Prompt> In the data below, locate the line containing "Celokožené BAREFOOT boty, zapínání" and the line containing "เคาะเดียวแดง เหรียญพระไพรีพินาศ วัดบวรฯ", then retype both and everything between them exactly. Pictures are not part of the copy.
+++ Supplied information +++
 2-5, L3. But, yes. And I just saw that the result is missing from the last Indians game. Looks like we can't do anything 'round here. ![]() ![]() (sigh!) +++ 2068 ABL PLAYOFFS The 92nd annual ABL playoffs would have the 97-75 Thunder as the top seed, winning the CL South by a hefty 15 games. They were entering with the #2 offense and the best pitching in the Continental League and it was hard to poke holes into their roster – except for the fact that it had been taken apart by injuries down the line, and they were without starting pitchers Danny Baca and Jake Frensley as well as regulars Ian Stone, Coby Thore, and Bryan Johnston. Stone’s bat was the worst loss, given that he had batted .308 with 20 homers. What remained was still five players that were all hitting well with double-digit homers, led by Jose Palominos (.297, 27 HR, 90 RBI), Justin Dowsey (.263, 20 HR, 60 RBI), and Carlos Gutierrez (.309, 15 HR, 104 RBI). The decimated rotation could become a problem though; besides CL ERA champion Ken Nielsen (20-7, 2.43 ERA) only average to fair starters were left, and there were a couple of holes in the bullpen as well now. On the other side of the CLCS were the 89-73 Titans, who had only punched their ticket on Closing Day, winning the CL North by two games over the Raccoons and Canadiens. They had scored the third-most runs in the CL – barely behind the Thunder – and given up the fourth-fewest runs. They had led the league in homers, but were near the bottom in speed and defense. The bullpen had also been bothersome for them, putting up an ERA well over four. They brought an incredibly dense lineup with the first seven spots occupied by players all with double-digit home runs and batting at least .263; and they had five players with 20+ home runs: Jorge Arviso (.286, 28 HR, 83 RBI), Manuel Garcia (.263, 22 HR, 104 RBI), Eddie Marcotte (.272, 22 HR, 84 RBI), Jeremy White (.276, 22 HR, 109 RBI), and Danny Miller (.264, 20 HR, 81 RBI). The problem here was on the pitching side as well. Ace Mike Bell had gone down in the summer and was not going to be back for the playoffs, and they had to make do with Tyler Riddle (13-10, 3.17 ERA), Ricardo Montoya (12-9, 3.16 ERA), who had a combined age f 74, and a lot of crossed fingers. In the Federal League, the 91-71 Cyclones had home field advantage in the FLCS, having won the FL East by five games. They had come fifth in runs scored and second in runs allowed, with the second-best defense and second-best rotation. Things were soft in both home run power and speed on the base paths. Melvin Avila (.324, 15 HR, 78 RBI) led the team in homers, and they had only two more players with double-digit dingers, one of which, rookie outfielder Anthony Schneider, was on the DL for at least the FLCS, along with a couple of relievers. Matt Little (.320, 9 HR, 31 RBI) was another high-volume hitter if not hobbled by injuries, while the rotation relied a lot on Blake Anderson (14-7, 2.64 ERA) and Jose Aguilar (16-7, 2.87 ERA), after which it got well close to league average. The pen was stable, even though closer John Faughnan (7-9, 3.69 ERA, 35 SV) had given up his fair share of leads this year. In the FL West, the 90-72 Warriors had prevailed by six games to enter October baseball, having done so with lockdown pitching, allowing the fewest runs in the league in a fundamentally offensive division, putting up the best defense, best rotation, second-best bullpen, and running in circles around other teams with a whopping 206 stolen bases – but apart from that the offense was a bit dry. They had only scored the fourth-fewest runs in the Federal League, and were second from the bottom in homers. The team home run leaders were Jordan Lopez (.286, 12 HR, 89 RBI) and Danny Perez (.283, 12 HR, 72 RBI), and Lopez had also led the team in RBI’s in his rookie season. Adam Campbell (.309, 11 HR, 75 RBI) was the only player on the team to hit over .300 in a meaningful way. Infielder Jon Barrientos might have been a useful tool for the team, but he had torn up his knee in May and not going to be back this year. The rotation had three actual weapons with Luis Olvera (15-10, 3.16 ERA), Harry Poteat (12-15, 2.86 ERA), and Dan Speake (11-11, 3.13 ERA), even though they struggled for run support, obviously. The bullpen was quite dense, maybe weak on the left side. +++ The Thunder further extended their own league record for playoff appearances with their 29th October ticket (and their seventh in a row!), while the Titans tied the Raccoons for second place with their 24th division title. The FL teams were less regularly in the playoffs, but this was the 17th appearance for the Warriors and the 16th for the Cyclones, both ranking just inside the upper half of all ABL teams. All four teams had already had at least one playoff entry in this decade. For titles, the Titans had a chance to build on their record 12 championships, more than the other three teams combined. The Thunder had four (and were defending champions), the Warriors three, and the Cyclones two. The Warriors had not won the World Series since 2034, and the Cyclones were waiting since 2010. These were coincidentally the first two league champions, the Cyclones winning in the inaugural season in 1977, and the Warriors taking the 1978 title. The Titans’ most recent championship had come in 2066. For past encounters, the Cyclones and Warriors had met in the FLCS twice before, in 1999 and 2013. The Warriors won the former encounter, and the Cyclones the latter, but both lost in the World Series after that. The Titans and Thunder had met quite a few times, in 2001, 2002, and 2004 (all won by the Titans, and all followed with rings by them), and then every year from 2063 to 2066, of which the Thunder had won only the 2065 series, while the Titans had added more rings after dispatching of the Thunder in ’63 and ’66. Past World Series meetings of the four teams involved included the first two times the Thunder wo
+++
+++ Supplied information +++
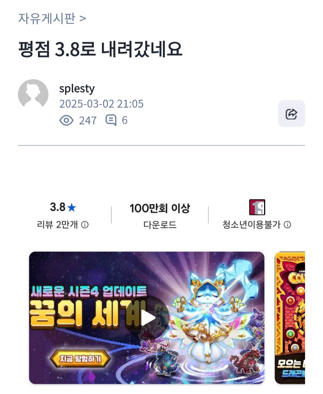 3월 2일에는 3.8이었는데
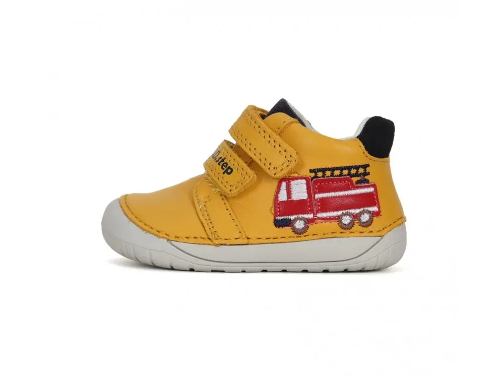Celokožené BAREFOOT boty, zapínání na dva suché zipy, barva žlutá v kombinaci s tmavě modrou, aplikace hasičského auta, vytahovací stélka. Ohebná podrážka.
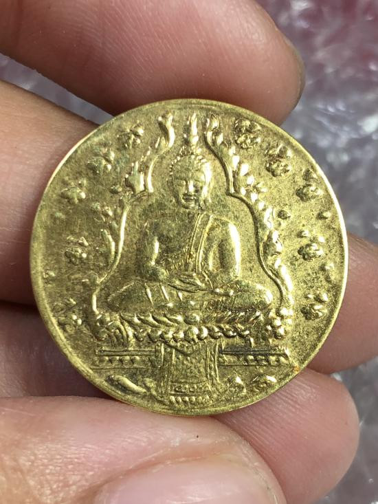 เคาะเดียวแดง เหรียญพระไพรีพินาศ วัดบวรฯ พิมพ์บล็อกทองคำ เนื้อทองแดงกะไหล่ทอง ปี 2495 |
+++
Completed task>
Celokožené BAREFOOT boty, zapínání na dva suché zipy, barva žlutá v kombinaci s tmavě modrou, aplikace hasičského auta, vytahovací stélka. Ohebná podrážka.
 เคาะเดียวแดง เหรียญพระไพรีพินาศ วัดบวรฯ พิมพ์บล็อกทองคำ เนื้อทองแดงกะไหล่ทอง ปี 2495 |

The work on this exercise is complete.